Please your help, I have hacking problems on my OJS site, I would like you to tell me what detailed actions I should take to avoid further attacks.

I show you what they did to us: http://revistas.uasb.edu.ec/public/site/images/adminos/kingskrupellos.png

Regards

Hi @freddy,

See this blog post for details. If it’s just the uploaded image, your site hasn’t been hacked; an image upload tool has been used to upload an image suggesting that it has. This is roughly equivalent to uploading an image to a service like https://imgur.com/ stating that you’d hacked their site.

Regards,
Alec Smecher
Public Knowledge Project Team

An uploaded image can become a problem if it was hand crafted to trigger known bugs in viewers for that image format. Maybe it is possible to find check tools for the typical image formats and report suspicious images.

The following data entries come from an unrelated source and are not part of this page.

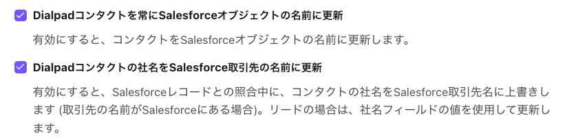 Dialpad と Salesforce のコンタクトを常に最新の状態に保ため、コンタクト名と社名を自動更新する設定を有効にします。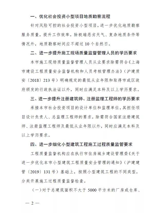 進一步提升注冊建筑師、注冊監理工程師的學歷要求:承接本市社會投資項目的設計單位和監理單位,其擔任項目設計負責人、總監理工程師的要求,除需符合國家注冊建筑師、注冊監理工程師及最低從業年限以外,同時應滿足本科及以上學歷要求。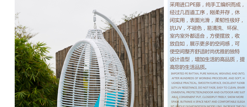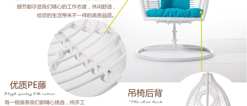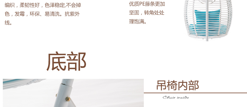 吊椅很漂亮,坐上去很放松很舒服!质量也好可以放心使用!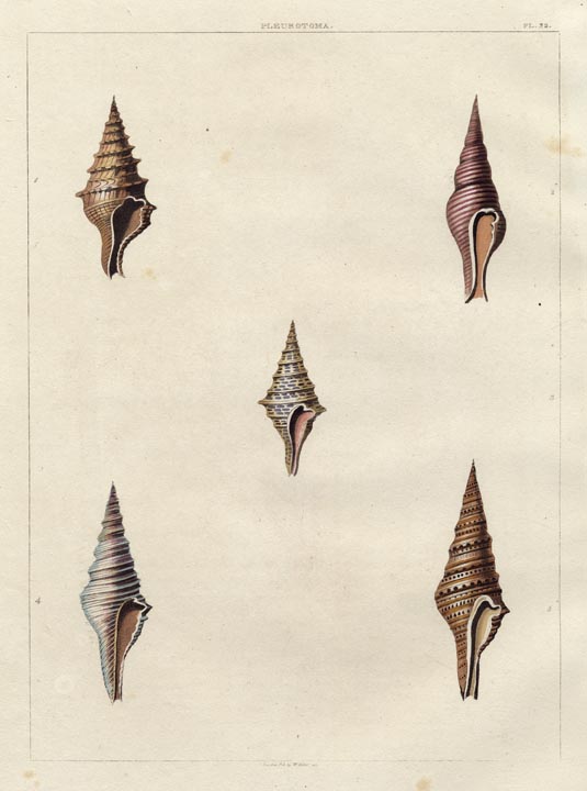 DESCRIPTION: A fine plate from Perry's "Conchology, or the Natural History of Shells." This series is best known for its large sized and beautifully colored engravings. Engraved and colored after the original drawings by John Clarke. Accompanied with a descriptive text sheet.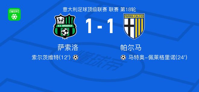 北京時(shí)間1月3日意大利足球頂級聯(lián)賽 聯(lián)賽 第18輪,薩索洛主場對陣帕爾馬。薩索洛索爾茨維特破門。帕爾馬馬特奧-佩萊格里諾破門。最終比分薩索洛 1-1 帕爾馬。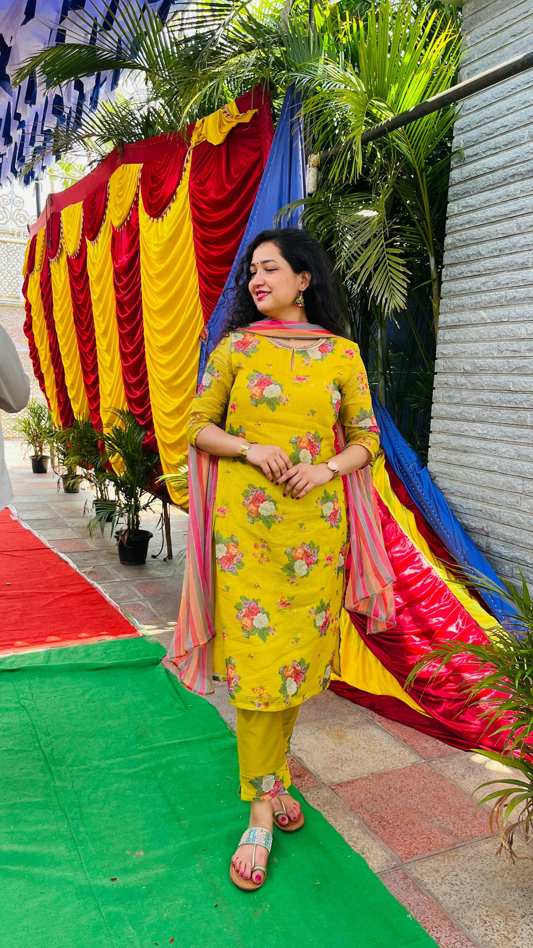 Elevate your ethnic style with this stunning women's ensemble from our Ethnic Sets category. The set includes a beautifully crafted kurta, slim pants, and a complementing dupatta, perfect for those special occasions that demand a touch of elegance. The kurta features a charming keyhole neckline and three-quarter sleeves, adding a contemporary flair to the traditional silhouette. Adorned with an exquisite floral print, this straight-cut outfit in a refreshing green hue is sure to turn heads. Crafted from 100% man-made fiber polyester, this woven set offers both comfort and durability. Embrace your cultural roots with this ethnic masterpiece that seamlessly blends modern design with timeless charm.

The same applies to other uploads, too (DOC, PDF, …).

Hi @stweil,

The image uploader works with web-safe formats like .png. If it were possible to maliciously craft these files to attack the machines of viewers, then the entire web would be unsafe.

It is possible for users to upload e.g. Word documents with macro viruses as submissions, and it’s up to the server administrator to provide antivirus tools, and up to the editor to have something on their own machine. This is part of normal web hygiene and on par with other commonly used file management systems like Dropbox.

Regards,
Alec Smecher
Public Knowledge Project Team

Hmm. I have installed clamav on my Ubuntu server, it was easy to configure it to work with emails. But, as I see it, for checking uploaded by OJS files I need to download php-clamav lib and integrate it with file upload script, isn’t it?

Hi @Vitaliy,

Actually I don’t think this is a very attractive venue of attack for potential hackers. It’s understood that the web is not a safe place to download and run executable files indiscriminately, and OJS is not different than any other file storage tool in this regard. Malicious macros (such as Word documents might contain) are not a common problem, probably because of their low yield and the unlikeliness of their being successfully triggered; I’m not sure about Word, but I’ve seen OpenOffice warn about macros and give the user a chance to avoid running them upon opening a file.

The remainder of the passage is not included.